The biggest hurdle some developers face in soft launch is composing a narrative from the metrics they’re tracking. The minimum viable metrics need to be taken as a whole to communicate the health and potential of a free-to-play game; looking at high-level revenue or retention metrics alone doesn’t provide enough context to evaluate the a title’s potential.

The metrics that matter in soft launch are those that communicate how well players understand the game’s core loop, how often and for how long they play the game, and how readily they tell other people about the game. The mosaic constructed by the minimum viable metrics helps developers understand these important patterns of use.

The minimum viable metrics are comprised of four metrics groups: Retention, Engagement, Virality, and Monetization. Each group consists of a set of metrics, and, taken together on a daily basis, the entire portfolio should provide a developer with a picture of where the game stands with users – and, perhaps more instructively, how it is improving.

In the retention group, the developer will want to make sure that users understand the game and find it appealing – this is communicated through early-stage retention metrics like Day 1, Day 3, and Day 7 retention. Additionally, the developer will want to track a tutorial funnel to identify weak points in the onboarding process. Depending on the length of the soft launch, the developer may be able to spot longevity shortcomings with longer-term retention metrics like Day 30 retention.

The engagement metrics should track average and median sessions per day and session lengths. The difference between the average and median values is important; a large gap speaks to a minority of highly-engaged users playing the game for long stretches at a time, which could run counter to how highly-engaged users are meant to interact with the game. Additionally, the engagement metrics should be used to inform the balance the developer hopes to achieve between session frequency and session lengths.

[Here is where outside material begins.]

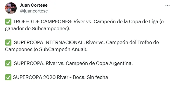 La última actualización la brindó el periodista de TyC Sports, Juan Cortese, a la hora de repasar las finales que todavía debe disputar el Millonario: “Sin fecha”. Se espera por la pronunciación de la Asociación del Fútbol Argentino para conocer los detalles definitivos del Boca – River que dará un nuevo campeón en el fútbol argentino.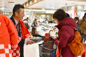 JAやもとほうれん草組合は1月20日、JR仙台駅エスパル仙台店エキチカキッチン内で、6年ぶりに販売促進会を開きました。

In the virality group, the developer should be tracking how often any viral invitation mechanics are utilized by users, which is a good proxy for delight – if a user is willing to vouch for a game by inviting a friend to it, it’s a good bet that the user finds the game fun. The developer should also track a rough k-factor metric by evaluating non-paid user base growth as a function of virality. K-factor is an important concept to understand when the game is ready for hard launch because it can be used to estimate total return on a launch marketing budget.

The monetization metrics group should track high-level revenue benchmarks such as average revenue per daily active user (ARPDAU), average revenue per user (ARPU), and average revenue per paying user (ARPPU) as well as the distributions of the purchasable catalogue: first purchases by users, most common purchases, and the proportion of total revenue that each item in the catalogue represents.

By focusing closely on a baseline set of metrics in soft launch, a game developer can sidestep many potential land mines faced in hard launch with products that haven’t been thoroughly vetted by users. Free-to-play is heavily dependent on data-driven decision making and quick product iterations: by guiding development with the minimum viable metrics in the soft launch, a developer illuminates many of the unknowns that plague games released to the global market before they have been subjected to the crucible of App Store scrutiny.